Transcribe exactly, leaving out pictures, the lines from the one that holds "Experience unparalleled lakefront" through the end of the data below, including both end lines and no others.

Top of SUPPLIED DATA

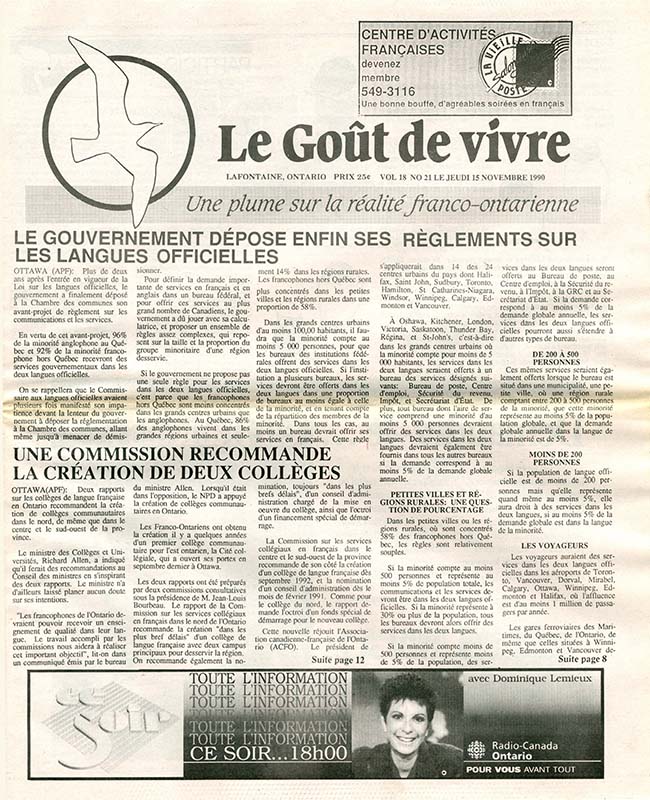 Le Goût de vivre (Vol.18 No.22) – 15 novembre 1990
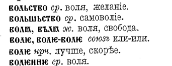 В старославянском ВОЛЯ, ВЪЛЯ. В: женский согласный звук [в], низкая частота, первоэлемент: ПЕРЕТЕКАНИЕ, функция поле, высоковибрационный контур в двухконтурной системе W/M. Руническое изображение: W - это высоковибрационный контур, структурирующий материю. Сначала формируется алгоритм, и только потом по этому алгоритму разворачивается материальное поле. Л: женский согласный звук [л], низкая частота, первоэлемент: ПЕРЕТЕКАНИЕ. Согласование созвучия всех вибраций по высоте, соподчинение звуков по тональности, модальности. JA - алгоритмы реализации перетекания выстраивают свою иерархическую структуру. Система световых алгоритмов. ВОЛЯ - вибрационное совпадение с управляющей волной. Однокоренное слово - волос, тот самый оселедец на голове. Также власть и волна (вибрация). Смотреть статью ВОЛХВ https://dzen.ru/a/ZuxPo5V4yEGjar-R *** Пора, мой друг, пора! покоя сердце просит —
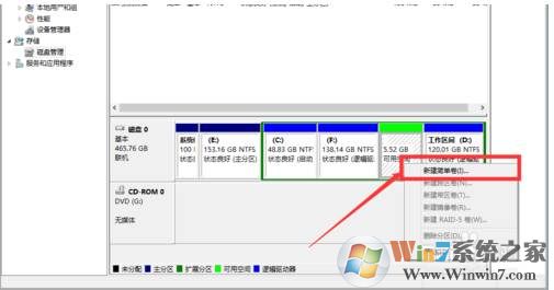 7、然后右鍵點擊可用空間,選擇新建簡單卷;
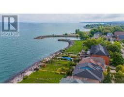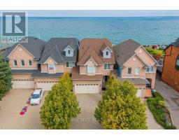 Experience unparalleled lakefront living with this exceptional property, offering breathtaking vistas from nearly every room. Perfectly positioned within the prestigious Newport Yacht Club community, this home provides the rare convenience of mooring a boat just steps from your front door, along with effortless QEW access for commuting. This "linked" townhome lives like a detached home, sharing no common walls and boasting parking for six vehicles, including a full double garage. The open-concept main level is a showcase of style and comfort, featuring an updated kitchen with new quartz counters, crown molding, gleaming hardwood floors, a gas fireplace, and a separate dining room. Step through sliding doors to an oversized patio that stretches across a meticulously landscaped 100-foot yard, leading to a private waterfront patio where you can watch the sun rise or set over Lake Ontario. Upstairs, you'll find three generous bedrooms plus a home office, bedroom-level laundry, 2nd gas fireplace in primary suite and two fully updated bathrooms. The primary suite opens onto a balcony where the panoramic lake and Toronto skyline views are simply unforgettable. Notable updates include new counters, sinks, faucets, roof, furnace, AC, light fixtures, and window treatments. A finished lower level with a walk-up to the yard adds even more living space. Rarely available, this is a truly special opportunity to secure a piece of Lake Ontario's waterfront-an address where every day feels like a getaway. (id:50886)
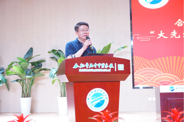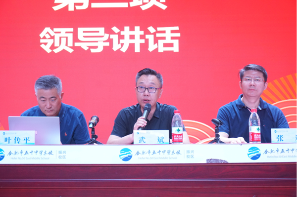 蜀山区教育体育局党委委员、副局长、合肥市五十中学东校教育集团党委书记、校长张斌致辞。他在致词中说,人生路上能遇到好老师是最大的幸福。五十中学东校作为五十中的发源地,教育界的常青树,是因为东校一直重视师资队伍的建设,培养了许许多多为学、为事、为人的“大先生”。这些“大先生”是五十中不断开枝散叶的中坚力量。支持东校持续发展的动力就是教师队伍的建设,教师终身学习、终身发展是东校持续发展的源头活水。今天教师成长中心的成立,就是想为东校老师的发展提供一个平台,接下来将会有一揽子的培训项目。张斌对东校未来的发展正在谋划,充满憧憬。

Bottom of SUPPLIED DATA

[WORKED SOLUTION]:
 Experience unparalleled lakefront living with this exceptional property, offering breathtaking vistas from nearly every room. Perfectly positioned within the prestigious Newport Yacht Club community, this home provides the rare convenience of mooring a boat just steps from your front door, along with effortless QEW access for commuting. This "linked" townhome lives like a detached home, sharing no common walls and boasting parking for six vehicles, including a full double garage. The open-concept main level is a showcase of style and comfort, featuring an updated kitchen with new quartz counters, crown molding, gleaming hardwood floors, a gas fireplace, and a separate dining room. Step through sliding doors to an oversized patio that stretches across a meticulously landscaped 100-foot yard, leading to a private waterfront patio where you can watch the sun rise or set over Lake Ontario. Upstairs, you'll find three generous bedrooms plus a home office, bedroom-level laundry, 2nd gas fireplace in primary suite and two fully updated bathrooms. The primary suite opens onto a balcony where the panoramic lake and Toronto skyline views are simply unforgettable. Notable updates include new counters, sinks, faucets, roof, furnace, AC, light fixtures, and window treatments. A finished lower level with a walk-up to the yard adds even more living space. Rarely available, this is a truly special opportunity to secure a piece of Lake Ontario's waterfront-an address where every day feels like a getaway. (id:50886)
 蜀山区教育体育局党委委员、副局长、合肥市五十中学东校教育集团党委书记、校长张斌致辞。他在致词中说,人生路上能遇到好老师是最大的幸福。五十中学东校作为五十中的发源地,教育界的常青树,是因为东校一直重视师资队伍的建设,培养了许许多多为学、为事、为人的“大先生”。这些“大先生”是五十中不断开枝散叶的中坚力量。支持东校持续发展的动力就是教师队伍的建设,教师终身学习、终身发展是东校持续发展的源头活水。今天教师成长中心的成立,就是想为东校老师的发展提供一个平台,接下来将会有一揽子的培训项目。张斌对东校未来的发展正在谋划,充满憧憬。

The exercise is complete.